Missouri, and Michigan. At issue in the present motion is the true ownership of the Proceeds from the sale of the Gottliebs’ former home, located at 3234 NE 211 Terrace, Aventura, Florida 33180. Mrs. Gottlieb purchased the Aventura Property in 2009 with the proceeds from the 1996 and 1998 sales of two other Florida properties through law firm Mavis Collie on behalf of the Cherubs Trust in the Bahamas, for a total of $792,000. (Ex. 1 to White Decl. dated May 4, 2021 [dkt. no. 331-1] at 1; SEC Resp. Opp’n & Countermotion at 11; Gottlieb Release Mem. at 9- 10.) On the same date that the property was sold, Mavis Collie leased the Aventura Property to Mr. and Mrs. Gottlieb. (See Ex.

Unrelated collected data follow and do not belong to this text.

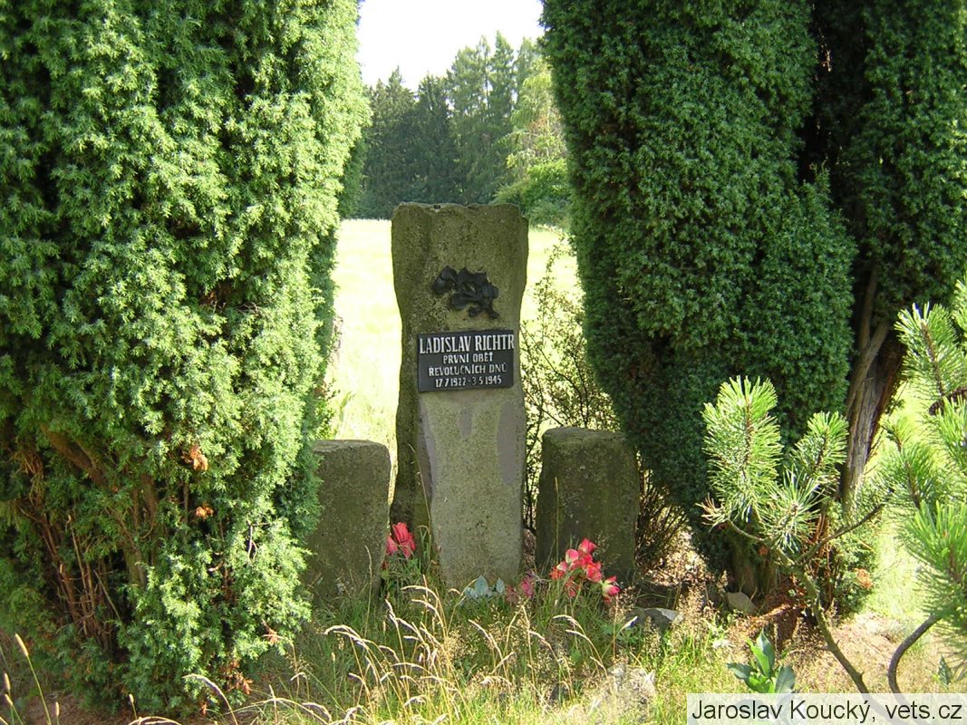 …..Němci se 3. května do Chuchelny nedostali. Při zátahu na povstalce v lese však chytili studenta ze Semil Ladislava Richtra. Objevili u něj zbraň a v polích vedle lesa ho bez milosti popravili.
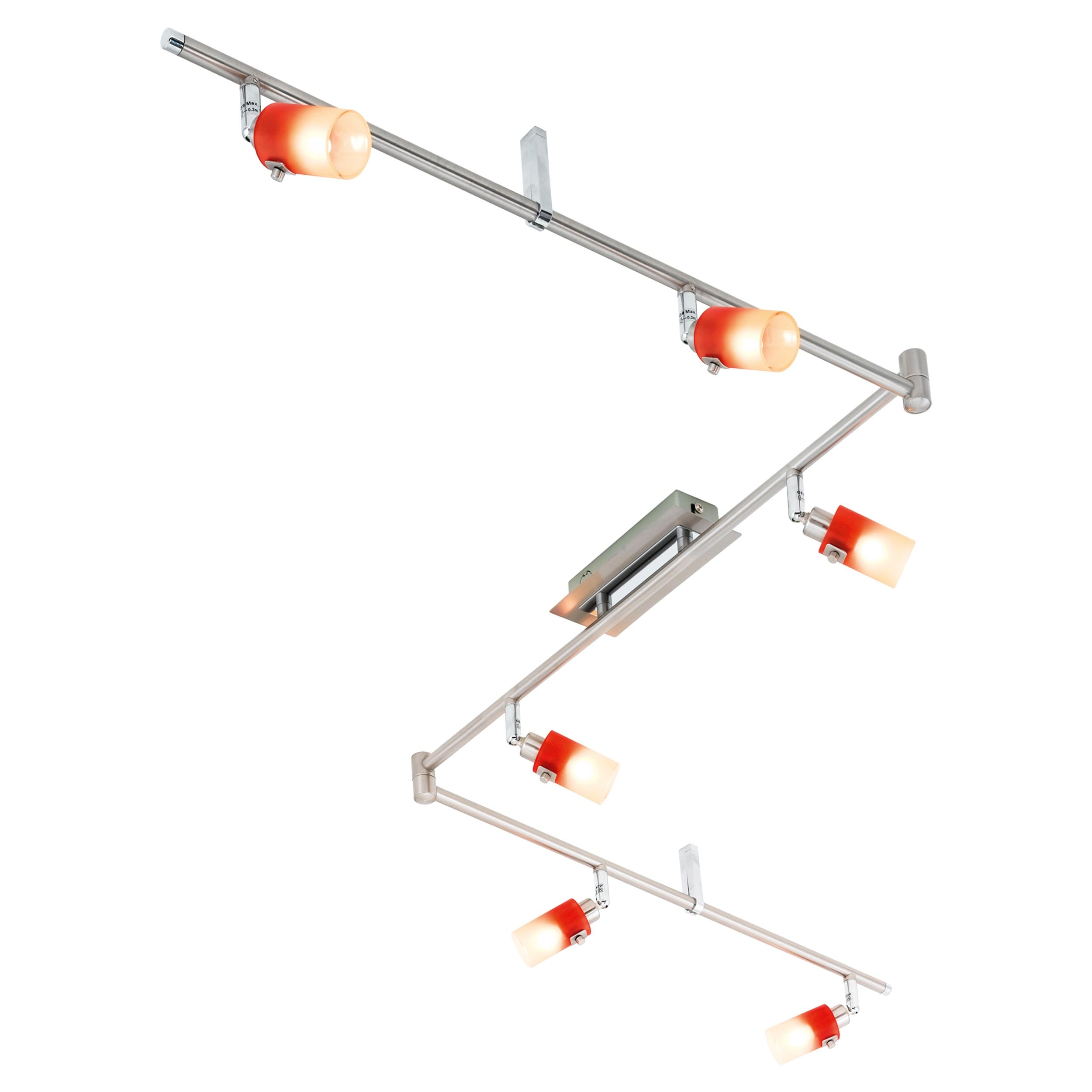 Spot pe bară KENO 50063, G9, 6X40W, IP20, oțel, nichel mat, crom, sticlă satinată, roșu, portocaliu
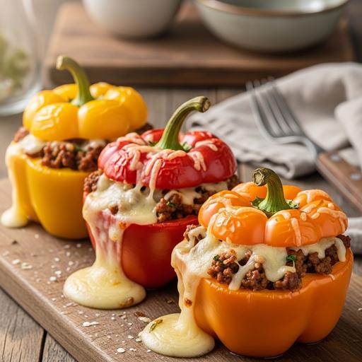Comece cozinhando 1 xícara de arroz em água salgada até o ponto al dente. Em uma panela, refogue 1 cebola picada e 2 dentes de alho em óleo até dourar. Adicione 300g de carne moída e cozinhe até dourar bem. Misture 1 lata de molho de tomate, 1 colher (sopa) de açafrão, sal e pimenta a gosto. Desligue o fogo e incorpore o arroz cozido. Corte 4 pimentões em dois, retire as sementes e recheie com a mistura. Cubra com papel alumínio e asse em forno pré-aquecido a 180°C por 30 minutos. Retire o alumínio, espalhe queijo ralado por cima e asse mais 10 minutos até dourar.
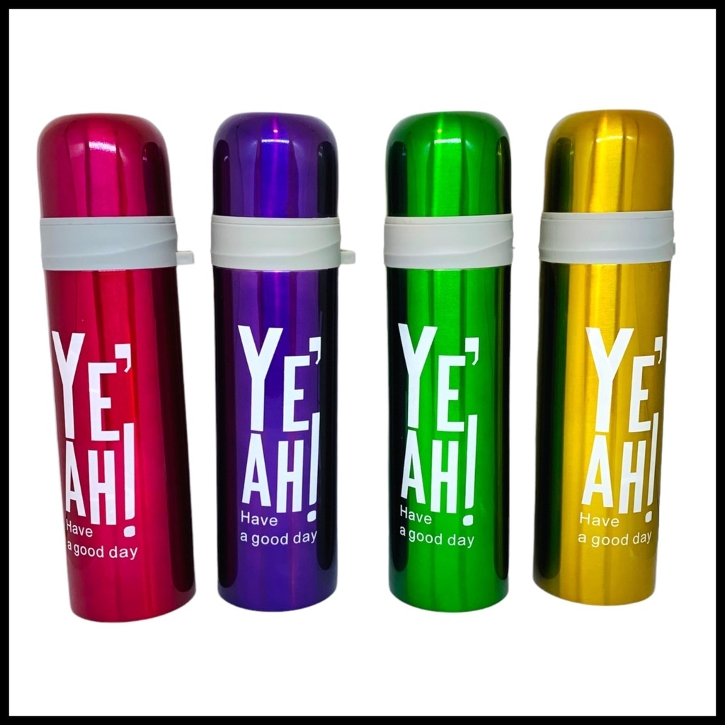 Botella de acero inoxidable con diseño yeah.
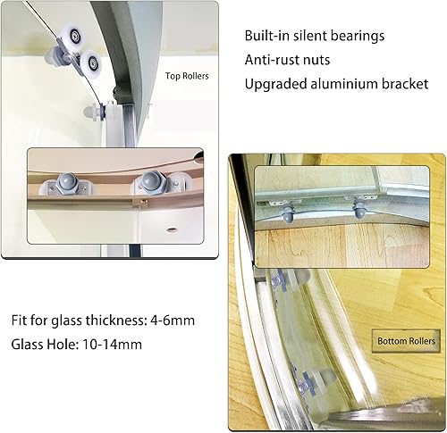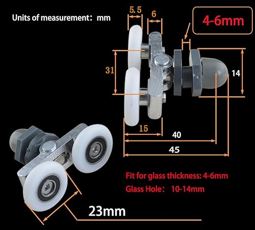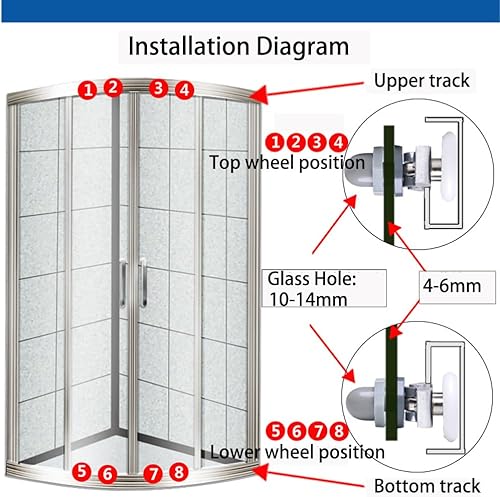 Cokritsm Duschtürrollen 6 Stücke Duschkabine Rollen Laufrollen 25mm, Duschrollen mit Doppelter Schiebetür, Anti-Rost Duschtürrollen für Badezimmertüren Glastür 4-6mm, Glasloch 10-14mm
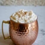 A shiny copper mug with a hammered texture and a golden handle is filled to the top with fluffy white whipped cream sprinkled with light brown cinnamon powder, creating a soft, cloud-like layer on top. The mug sits on a white marbled textured surface that adds a clean and bright background contrast to the warm tones of the mug and spice. photo taken with an iphone --ar 4:5 --v 7
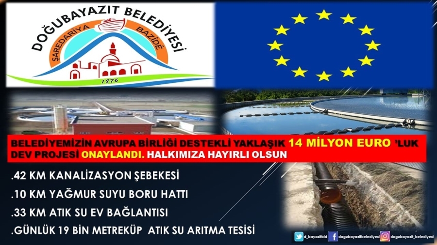 Doğubayazıt Belediyesinin şimdiye kadar en büyük projeleri arasında olan Avrupa birliği destekli, kanalizasyon, yağmur suyu ve atık su arıtma tesisinin olduğu yaklaşık 13.5 Milyon Euro‘luk dev bütçe, Belediye Başkanı Yıldız ACAR’ın girişimleri sonucu onaylandı.

3 to White Decl., dated May 4, 2021 [dkt. no. 331-3].) Approximately seventeen months later, on December 22, 2011, Mavis Collie transferred the Aventura Property to Mrs. Gottlieb for ten dollars of consideration. (Ex. 4 to White Decl., dated May 4, 2021 [dkt. no. 331-4].) On July 20, 2015, the Aventura Property, which was then titled solely in the name of the Phyllis J. Gottlieb Living Trust (the “Trust”), was sold to Lior and Dara Cohen (the “Cohens”). (Ex. 5 to White Decl., dated May 4, 2021 [dkt. no. 331-5.) Mr. and Mrs. Gottlieb jointly owned the two properties that funded the original Aventura Property purchase until Mr. Gottlieb quitclaimed his interest in those properties to Mrs. Gottlieb in 1994 for a recited consideration of ten dollars

each. (Gottlieb Decl., dated Apr. 12, 2021 [dkt. no. 320] at 19-21; Gottlieb Release Mem. at 10.) Mrs. Gottlieb has no source of income independent of Mr. Gottlieb. Since their marriage in 1974, Mrs. Gottlieb has never been independently employed or held outside employment. (Ex. 1 to Tyler Decl., dated Aug. 20, 2015 [dkt. no. 164-1] at 14.) Instead, throughout their marriage, Mrs. Gottlieb has either cared for their family or worked alongside Mr. Gottlieb. (Ex. 6 to White Decl., dated May 4, 2021 [dkt. no. 331-6] at ¶¶ 12, 16; see also Contempt Hr’g Tr. at 33:15-35:7.) Nor has Mrs. Gottlieb inherited any assets or money. (Ex. 1 to Tyler Decl. at 22-23.)

In fact, Mrs. Gottlieb’s only alleged means of generating income appears to stem from renovating and decorating the houses she and Mr. Gottlieb lived in, which ostensibly caused the properties to appreciate in value. (Contempt Hr’g Tr. at 33:15- 35:7.) Mr. Gottlieb was significantly involved in both the purchase and sale of the Aventura Property. Mr. Gottlieb was listed as the contact for Mavis Collie and carbon copied on emails relating to the purchase of the Aventura Property. (Ex. 7 to White Decl., dated May 4, 2021 [dkt. no. 331-7].) Mr. Gottlieb also played the leading role in the attempted sale of the Aventura Property to the Cohens in 2014. (Ex. 8 to White Decl., dated May 4, 2021 [dkt. no. 331-8]; Ex. 2 to Tyler Decl.,

dated Aug. 20, 2015 [dkt. no. 164-2] at 3.) Further, nearing the close of the attempted sale in 2014, Mr. Gottlieb directed the Milestone Title Company to include a condition for the title to pass. (Ex. 4 to Tyler Decl., dated Aug. 20, 2015 [dkt. no.